### Entries provided
/---
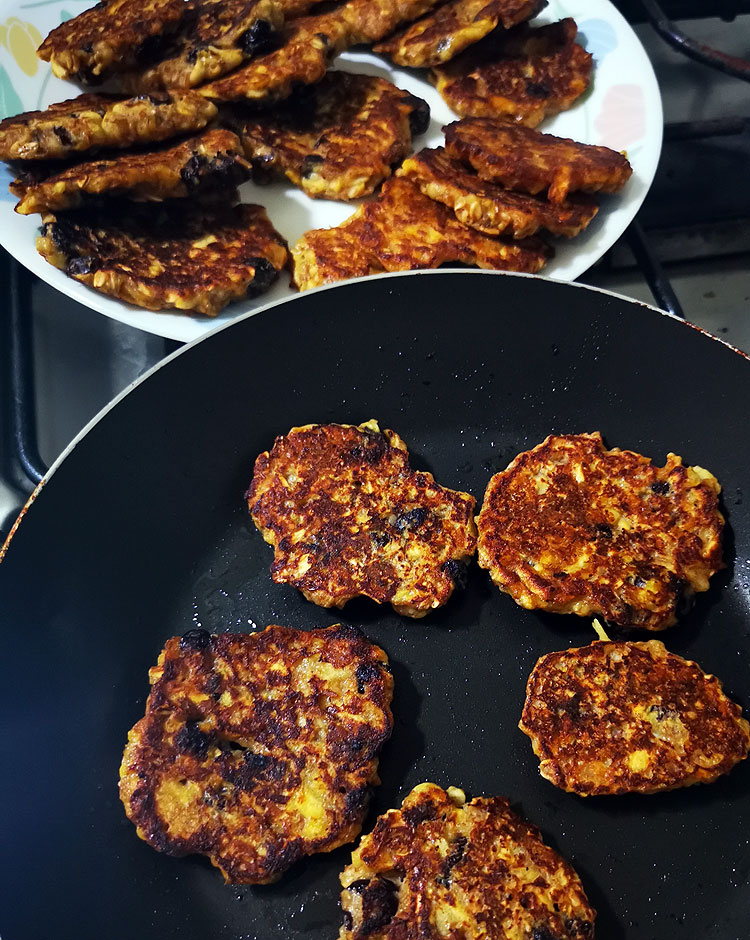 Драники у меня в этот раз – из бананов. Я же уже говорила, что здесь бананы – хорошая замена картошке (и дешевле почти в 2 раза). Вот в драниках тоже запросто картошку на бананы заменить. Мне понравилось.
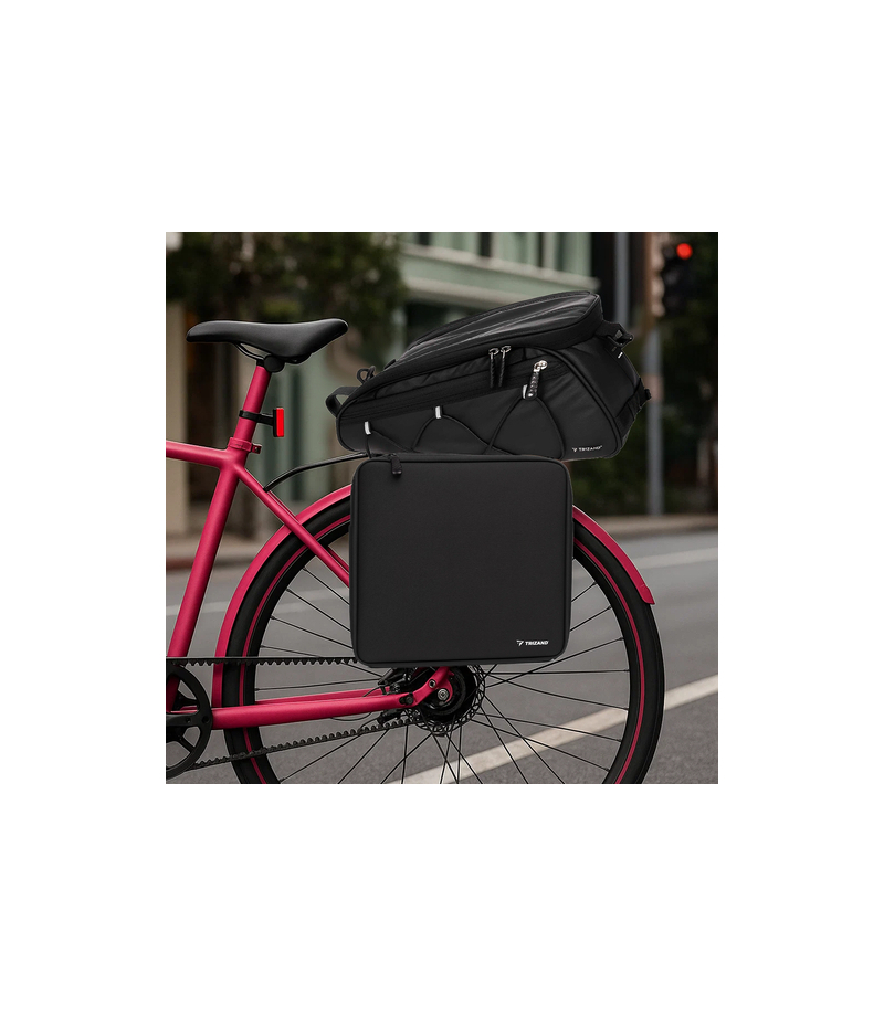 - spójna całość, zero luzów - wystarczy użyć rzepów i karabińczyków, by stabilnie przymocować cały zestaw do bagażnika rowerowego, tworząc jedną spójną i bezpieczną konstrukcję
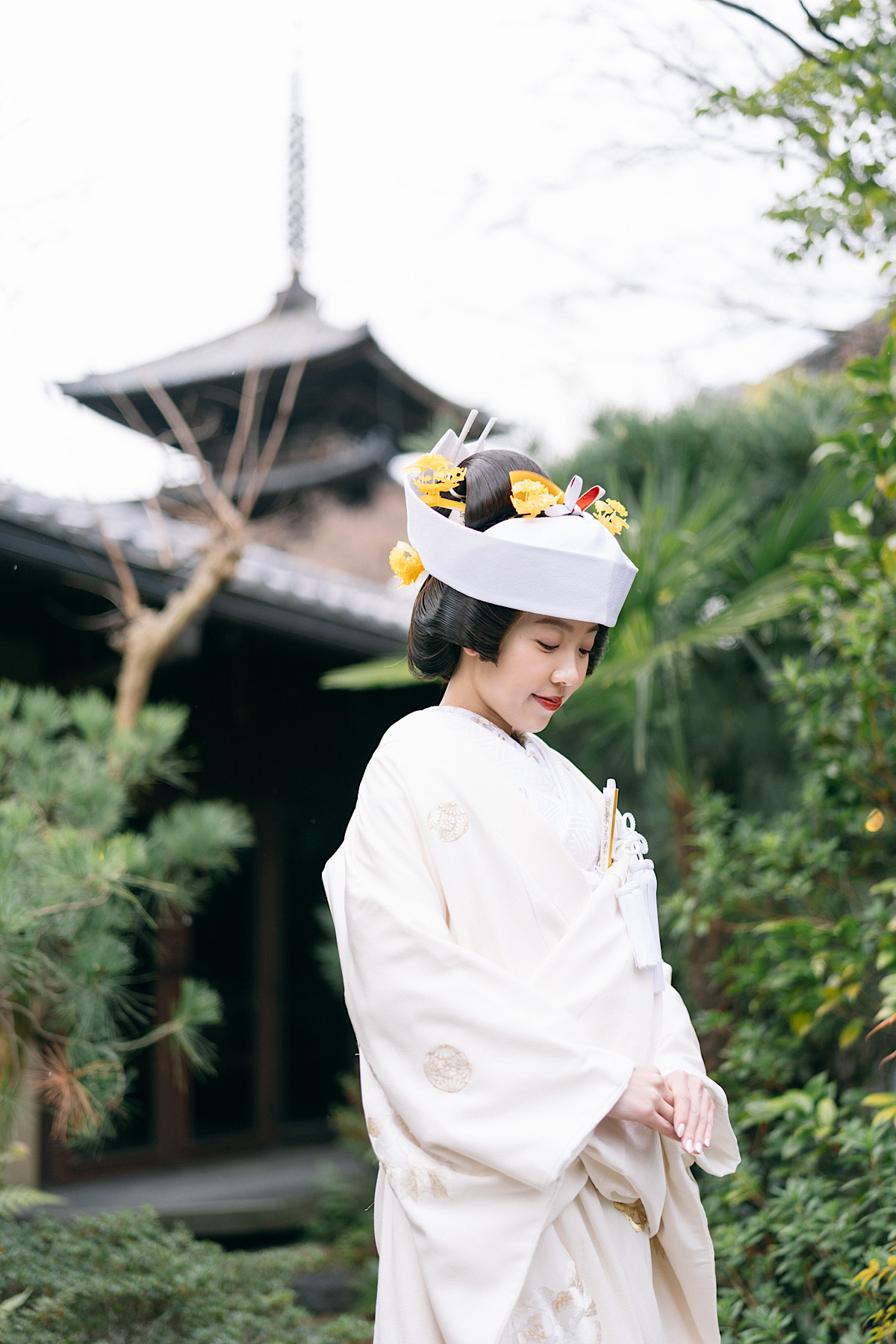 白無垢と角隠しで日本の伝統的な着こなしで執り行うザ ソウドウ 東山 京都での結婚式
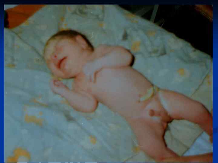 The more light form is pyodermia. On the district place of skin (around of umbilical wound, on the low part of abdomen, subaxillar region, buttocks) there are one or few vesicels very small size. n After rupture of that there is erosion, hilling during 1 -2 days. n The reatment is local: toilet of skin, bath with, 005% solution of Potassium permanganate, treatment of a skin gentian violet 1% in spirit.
\---
/---
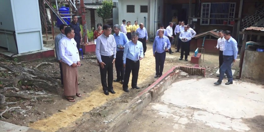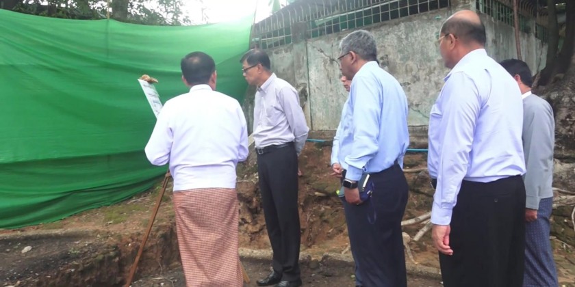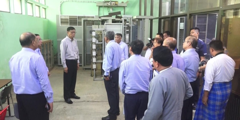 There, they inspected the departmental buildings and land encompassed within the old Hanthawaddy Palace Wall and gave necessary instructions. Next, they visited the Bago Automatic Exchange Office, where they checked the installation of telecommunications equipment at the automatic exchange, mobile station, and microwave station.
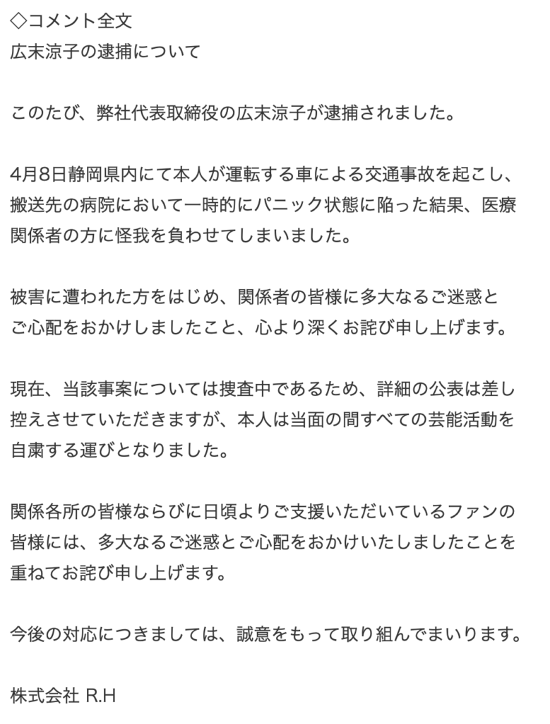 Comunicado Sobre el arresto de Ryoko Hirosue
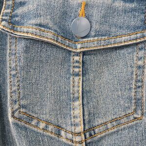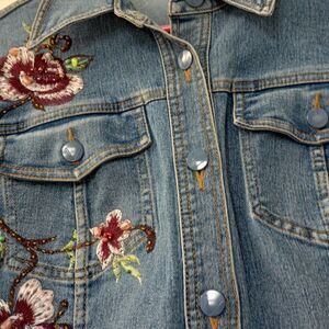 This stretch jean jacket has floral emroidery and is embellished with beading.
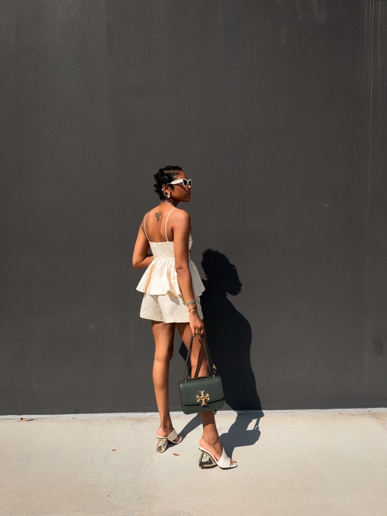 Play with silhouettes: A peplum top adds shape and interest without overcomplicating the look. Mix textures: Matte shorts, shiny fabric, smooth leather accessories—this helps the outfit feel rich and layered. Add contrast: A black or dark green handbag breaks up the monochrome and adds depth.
\---
### Work to be completed
Look back over the records above. Reproduce exactly everything from the line with "- spójna całość, zero" down to the line with "The more light", inclusive, and leave the pictures out.

### Answer box
 - spójna całość, zero luzów - wystarczy użyć rzepów i karabińczyków, by stabilnie przymocować cały zestaw do bagażnika rowerowego, tworząc jedną spójną i bezpieczną konstrukcję
 白無垢と角隠しで日本の伝統的な着こなしで執り行うザ ソウドウ 東山 京都での結婚式
 The more light form is pyodermia. On the district place of skin (around of umbilical wound, on the low part of abdomen, subaxillar region, buttocks) there are one or few vesicels very small size. n After rupture of that there is erosion, hilling during 1 -2 days. n The reatment is local: toilet of skin, bath with, 005% solution of Potassium permanganate, treatment of a skin gentian violet 1% in spirit.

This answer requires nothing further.